何らかの宗教を信仰している人間にとって、その宗教の背景となっている幻想的な世界観は、現実の一部分です。それに対して、その宗教を信仰していない人間にとって、その宗教の背景となっている幻想的な世界観は、現実の一部分ではありません。それでは、後者の人間にとって、その宗教の背景となっている幻想的な世界観は、まったく価値のないものなのでしょうか。

ところで、幻想的な世界観を背景としている小説を読んだり映画を観たりしている人間は、かならずしも、その世界観を現実として受け入れているわけではありません。しかし、多かれ少なかれ、彼らはその世界観に対して何らかの魅力を感じていると思われます。そして、その世界観に対して感じる魅力が大きければ大きいほど、その物語に対して感じる満足感も大きくなると思われます。ですから、幻想的な世界観を背景としている物語の作り手も、その物語を満足度の高いものにするためには、その世界観をより魅力的なものにしなければならない、と考えているはずです。

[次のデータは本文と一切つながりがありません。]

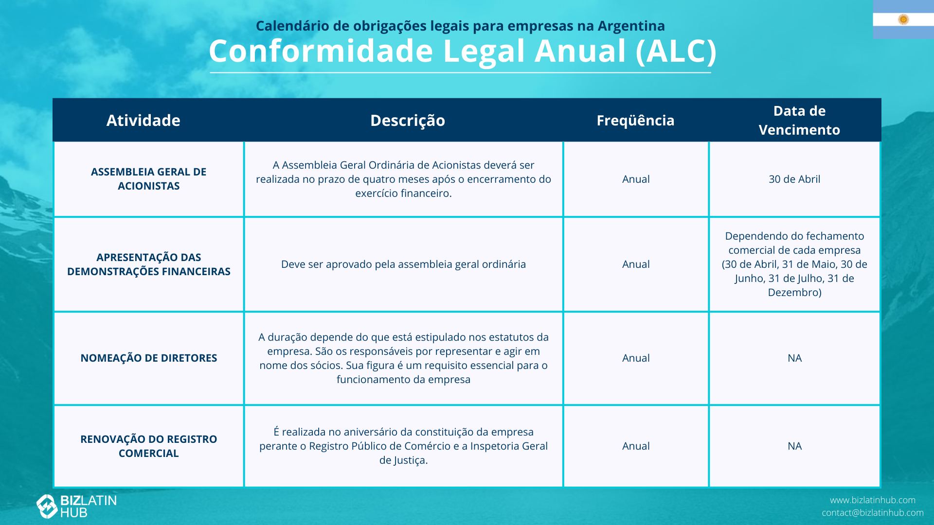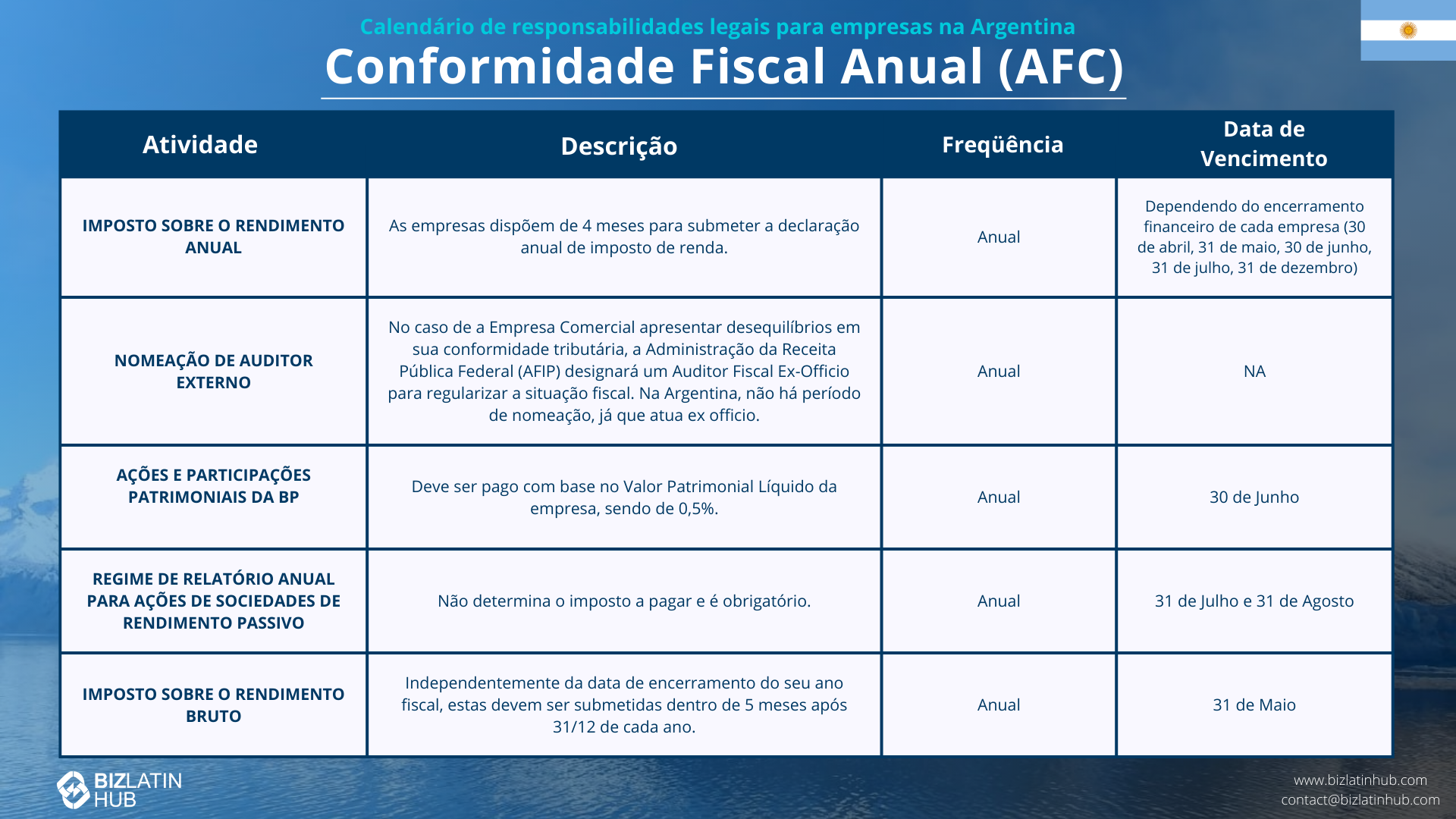 As coisas que você deve fazer anualmente para estar em conformidade com a legislação argentina estão resumidas aqui:

宗教についても同じことが言えます。ある宗教の信者ではない人間にとって、その宗教の背景となっている幻想的な世界観は、現実の一部分ではありませんが、その世界観に対して魅力を感じることは可能です。そして実際に多くの宗教が、その背景として魅力的な世界観を持っています*1

したがって、何らかの宗教についての知識を得ることは、その宗教を信仰しているか否かにかかわらず、物語を読んだり観たりするのと同じような満足感を得ることのできる、きわめて価値のある行為だと言っていいのではないでしょうか。

*1:宗教の背景となっている幻想的な世界観は、しばしば物語の背景としても利用されます。たとえば、「西遊記」は道教と仏教の世界観を効果的に利用していますし、「新世紀エヴァンゲリオン」はキリスト教の世界観を効果的に利用しています。